• WHAT YOU SHOULD DO
Repeat the data that follows exactly, starting at the line with "Mexen Mist H" and ending at the line with "Bellissima composizione in", and leave out every picture.

• MATERIAL PROVIDED
Start of Block

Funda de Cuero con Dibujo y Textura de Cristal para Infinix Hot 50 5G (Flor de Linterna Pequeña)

End of Block
Start of Block

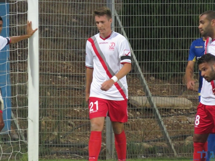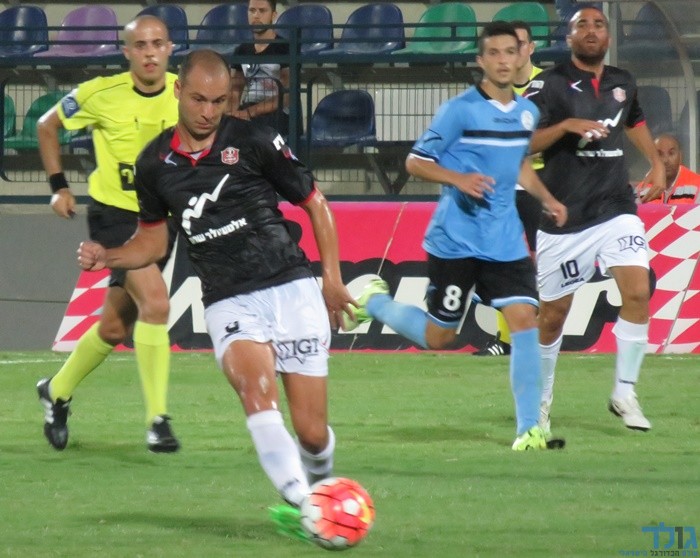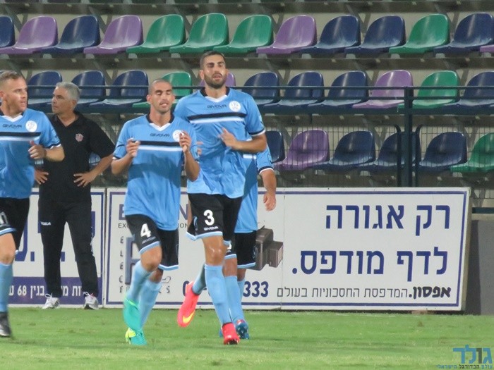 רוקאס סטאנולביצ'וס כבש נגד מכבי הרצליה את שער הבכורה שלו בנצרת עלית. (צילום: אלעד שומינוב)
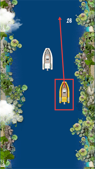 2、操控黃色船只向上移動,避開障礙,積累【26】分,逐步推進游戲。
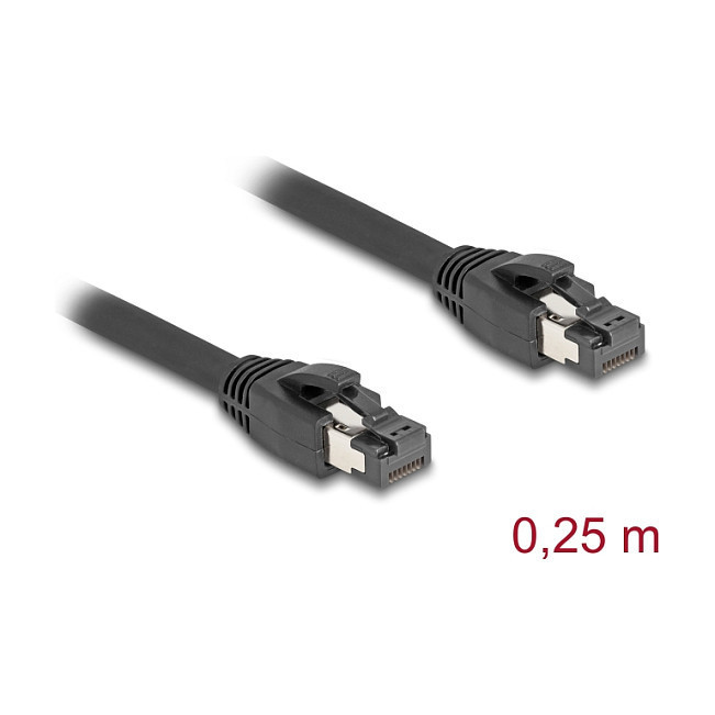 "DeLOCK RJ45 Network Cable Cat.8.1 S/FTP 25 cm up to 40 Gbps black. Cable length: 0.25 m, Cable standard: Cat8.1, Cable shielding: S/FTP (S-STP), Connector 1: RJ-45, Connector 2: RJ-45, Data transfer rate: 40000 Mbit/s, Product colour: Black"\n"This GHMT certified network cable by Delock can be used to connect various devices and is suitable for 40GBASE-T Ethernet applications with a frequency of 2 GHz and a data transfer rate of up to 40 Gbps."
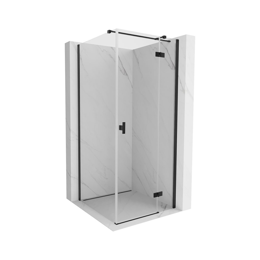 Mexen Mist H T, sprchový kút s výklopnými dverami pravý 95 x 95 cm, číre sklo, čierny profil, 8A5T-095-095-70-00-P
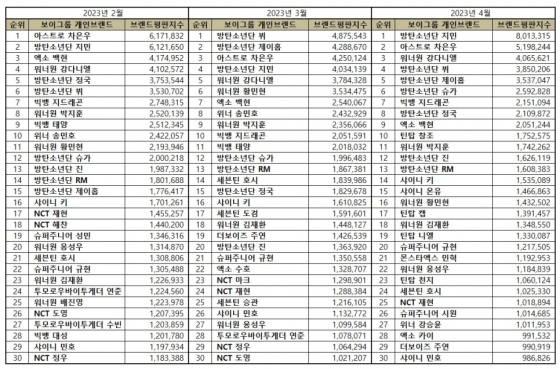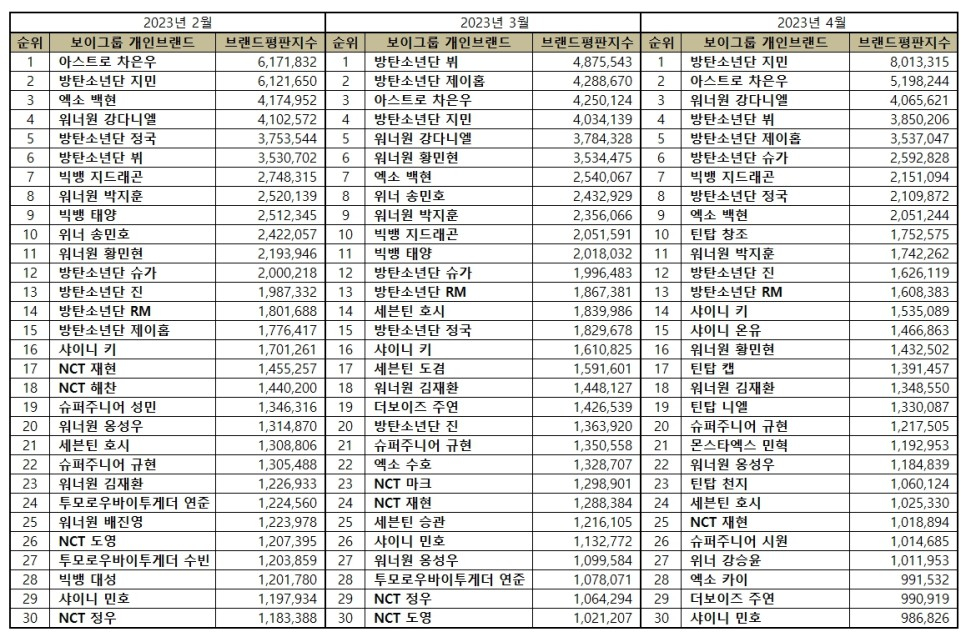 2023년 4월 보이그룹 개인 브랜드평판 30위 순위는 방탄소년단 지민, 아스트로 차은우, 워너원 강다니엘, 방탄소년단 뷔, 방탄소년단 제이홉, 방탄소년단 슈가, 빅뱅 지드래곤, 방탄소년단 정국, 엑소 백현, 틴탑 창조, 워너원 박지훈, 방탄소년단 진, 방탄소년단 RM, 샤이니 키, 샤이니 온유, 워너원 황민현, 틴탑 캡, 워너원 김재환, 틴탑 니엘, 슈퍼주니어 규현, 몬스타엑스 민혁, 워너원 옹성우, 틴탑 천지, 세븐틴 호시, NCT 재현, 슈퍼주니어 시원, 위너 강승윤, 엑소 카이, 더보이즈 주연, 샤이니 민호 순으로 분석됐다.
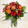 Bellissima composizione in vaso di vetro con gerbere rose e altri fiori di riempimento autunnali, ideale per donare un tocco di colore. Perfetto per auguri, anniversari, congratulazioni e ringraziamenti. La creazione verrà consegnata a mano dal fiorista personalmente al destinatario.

End of Block

• COMPLETED EXERCISE
 Mexen Mist H T, sprchový kút s výklopnými dverami pravý 95 x 95 cm, číre sklo, čierny profil, 8A5T-095-095-70-00-P
 2023년 4월 보이그룹 개인 브랜드평판 30위 순위는 방탄소년단 지민, 아스트로 차은우, 워너원 강다니엘, 방탄소년단 뷔, 방탄소년단 제이홉, 방탄소년단 슈가, 빅뱅 지드래곤, 방탄소년단 정국, 엑소 백현, 틴탑 창조, 워너원 박지훈, 방탄소년단 진, 방탄소년단 RM, 샤이니 키, 샤이니 온유, 워너원 황민현, 틴탑 캡, 워너원 김재환, 틴탑 니엘, 슈퍼주니어 규현, 몬스타엑스 민혁, 워너원 옹성우, 틴탑 천지, 세븐틴 호시, NCT 재현, 슈퍼주니어 시원, 위너 강승윤, 엑소 카이, 더보이즈 주연, 샤이니 민호 순으로 분석됐다.
 Bellissima composizione in vaso di vetro con gerbere rose e altri fiori di riempimento autunnali, ideale per donare un tocco di colore. Perfetto per auguri, anniversari, congratulazioni e ringraziamenti. La creazione verrà consegnata a mano dal fiorista personalmente al destinatario.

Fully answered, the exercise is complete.